During the sentencing phase, he apologized for the damage he caused, saying, "When I made these decisions, I believed I was going to help people, not hurt people."
His lawyers also argued that Manning suffered extreme inner turmoil over his gender identity — his feeling that he was a woman trapped in a man's body — while serving in the macho military during the "don't ask, don't tell" era. Among the evidence was a photo of him in a blond wig and lipstick.
Defense attorney David Coombs argued that Manning had been full of youthful idealism and "really, truly, genuinely believed that this information could make a difference."
Prosecutors showed that al-Qaida used material from the helicopter attack in a propaganda video and that Osama bin Laden presumably read some of the leaked documents. Some of the material was found in bin Laden's hideout after he was killed.
Also, government witnesses testified the leaks endangered U.S. intelligence sources, some of whom were moved to other countries for their safety.

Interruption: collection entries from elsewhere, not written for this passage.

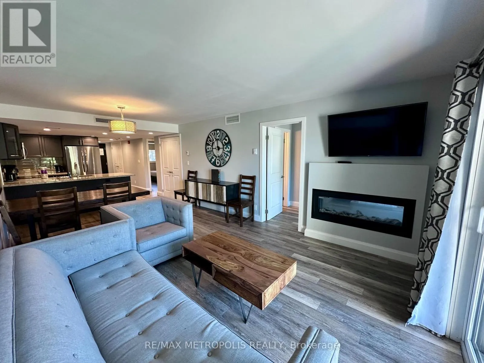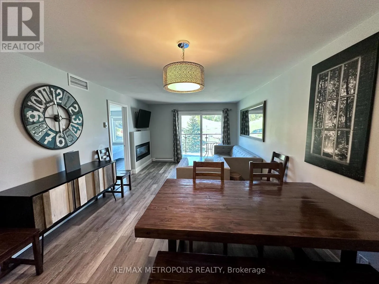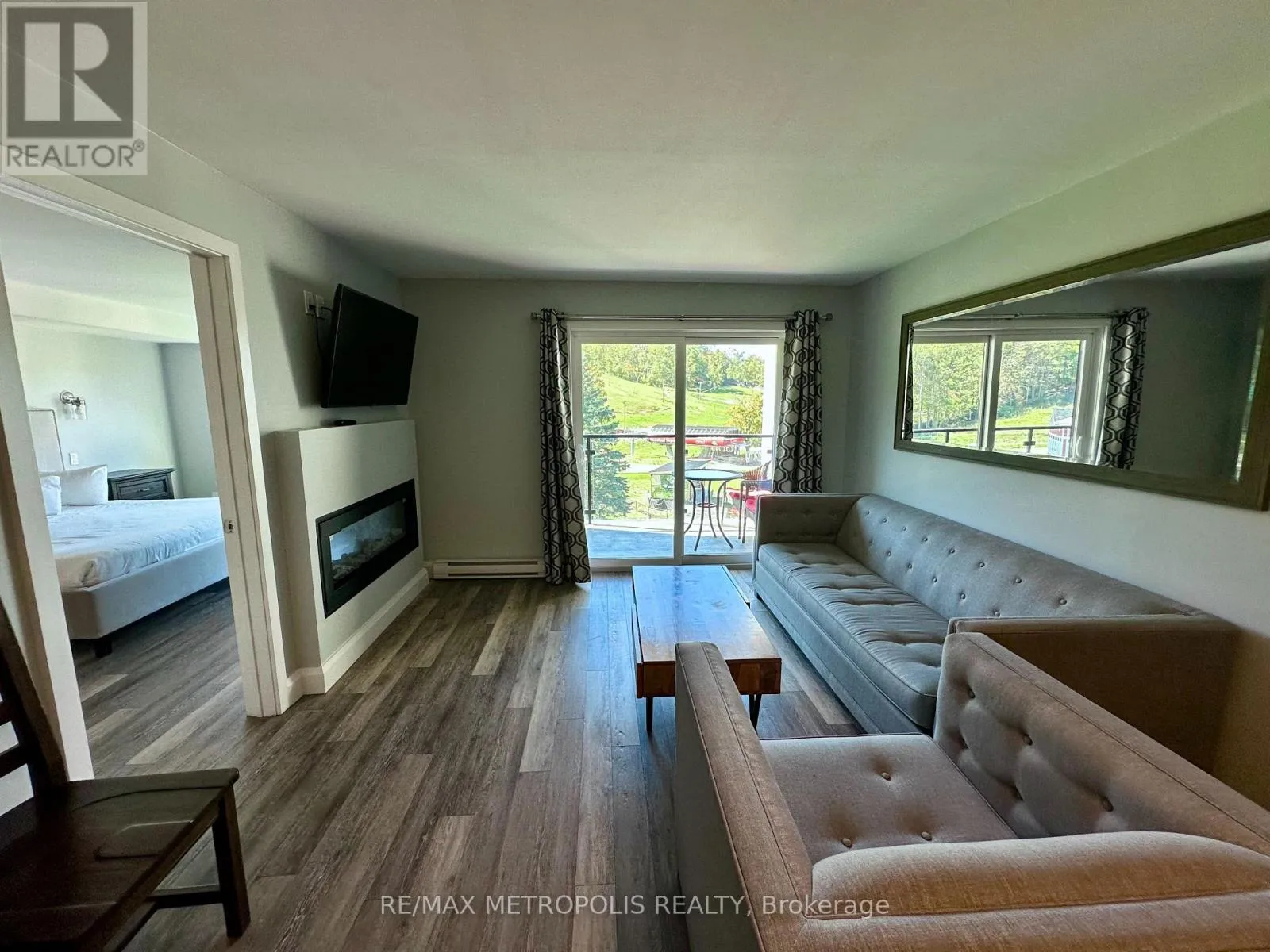 Cross Streets: HORSESHOE VALLEY ROAD WEST - HORSESHOE BOULEVARD -. ** Directions: HORSESHOE VALLEY ROAD WEST - HORSESHOE BOULEVARD - (DIRECTLY ACROSS FROM HORSESHOE RESORT). Welcome to The Ellesmere at Slopeside Condos a sophisticated 2-bedroom + den, 2-bath retreat offering 1,188 sq ft of thoughtfully designed living space. Fully furnished and move-in ready, this residence blends elegance with functionality: a see-through fireplace, modern kitchen with stainless appliances, in-suite laundry, and two walk-outs to a private 12 x 5 balcony showcasing breathtaking views of the ski hills.Set directly at Horseshoe Resort, owners and guests enjoy four-season experiences at their doorstep: world-class skiing and snowboarding, championship golf, scenic hiking and biking trails, and the renowned Vetta Nordic Spa just minutes away. Exclusive resort amenities include pools, fitness centre, and spa facilities creating an effortless lifestyle escape.For investors, this property is eligible for the Horseshoe Resort rental program, delivering both passive income potential and capital appreciation in one of Ontarios most desirable year-round destinations. Just over an hour from the GTA, this is not only a luxury getaway but a rare opportunity to own a proven revenue-generating asset in a thriving resort community. (id:27476)
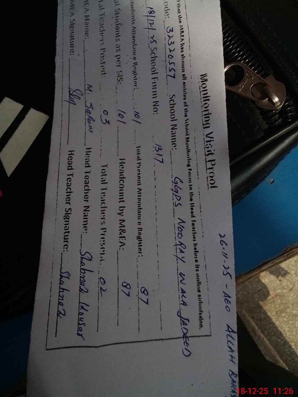 | EMIS Code: 32320557 | Name of School: GGPS NOORAY WALA JADEED | |||
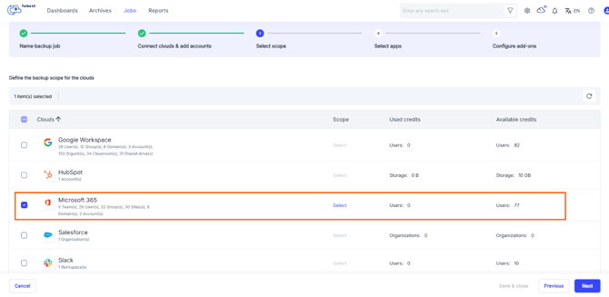 Step 6: To define the scope of the backup job, select “Microsoft 365” from the clouds list, and click on “Select” under Scope.

And several ambassadors were recalled, expelled or reassigned because of embarrassing disclosures.
The Obama administration has charged seven people with leaking to the news media, while only three people were prosecuted in all previous administrations combined.
Prosecutors called Manning an anarchist and an attention-seeking traitor, while supporters have hailed him as a whistleblower and likened him to Daniel Ellsberg, the defense analyst who leaked the Pentagon Papers in 1971.
The secret history of U.S. involvement in Vietnam was released to The New York Times and other newspapers in a case touched off an epic clash between the Nixon administration and the press and led to a landmark Supreme Court ruling on the First Amendment.
In a telephone interview after Manning's sentencing, Ellsberg called the soldier "one more casualty of a horrible, wrongful war that he tried to shorten."
"I think his example will always be an inspiration of civil and moral courage to truth tellers in the future," Ellsberg said.
A lawyer for WikiLeaks founder Julian Assange, Michael Ratner, has suggested Manning's conviction could make it easier for federal prosecutors to get an indictment against Assange as a co-conspirator.
But other legal experts said the Australian's status as a foreigner and a publisher make it unlikely he will be indicted.